* [Exercise directions] Output each line of the listing exactly, though pictures are not to appear.

* [Dataset section]
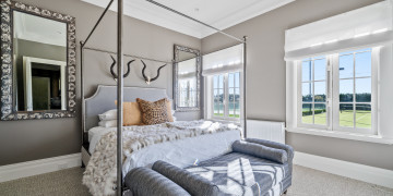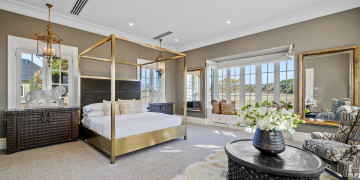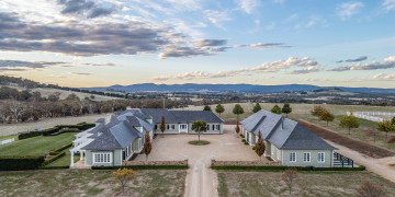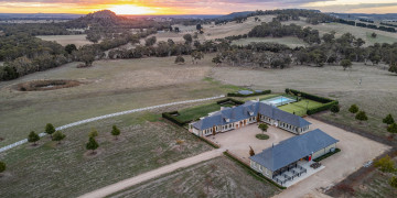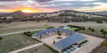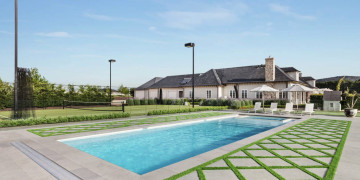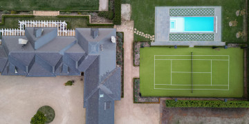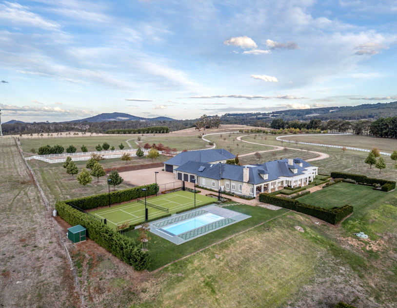Outside, the estate's grounds are just as spectacular. The Paul Bangay-designed gardens unfold in manicured rooms and walkways, revealing a gas and electric-heated pool, a north-south mod-grass tennis court, and equestrian facilities including six stables (three undercover), a horse menage, and a dedicated pet room. Multiple storage buildings and garages provide space for production logistics and crew requirements, in addition to the generous three-car garage attached to the main residence.
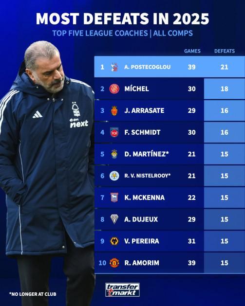 五大联赛2025年输球最多主帅:澳波39战21负第1,阿莫林第10
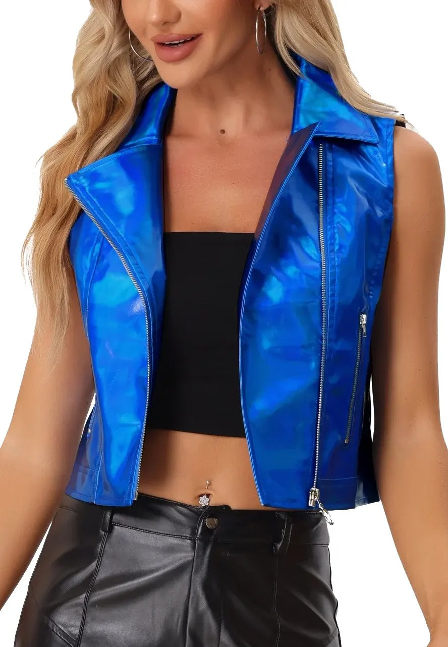 Buy the best Women's Cropped Blue Leather Vest at Glory Store AU with discounted price with free shipping.

* [Task output]
Outside, the estate's grounds are just as spectacular. The Paul Bangay-designed gardens unfold in manicured rooms and walkways, revealing a gas and electric-heated pool, a north-south mod-grass tennis court, and equestrian facilities including six stables (three undercover), a horse menage, and a dedicated pet room. Multiple storage buildings and garages provide space for production logistics and crew requirements, in addition to the generous three-car garage attached to the main residence.
 五大联赛2025年输球最多主帅:澳波39战21负第1,阿莫林第10
 Buy the best Women's Cropped Blue Leather Vest at Glory Store AU with discounted price with free shipping.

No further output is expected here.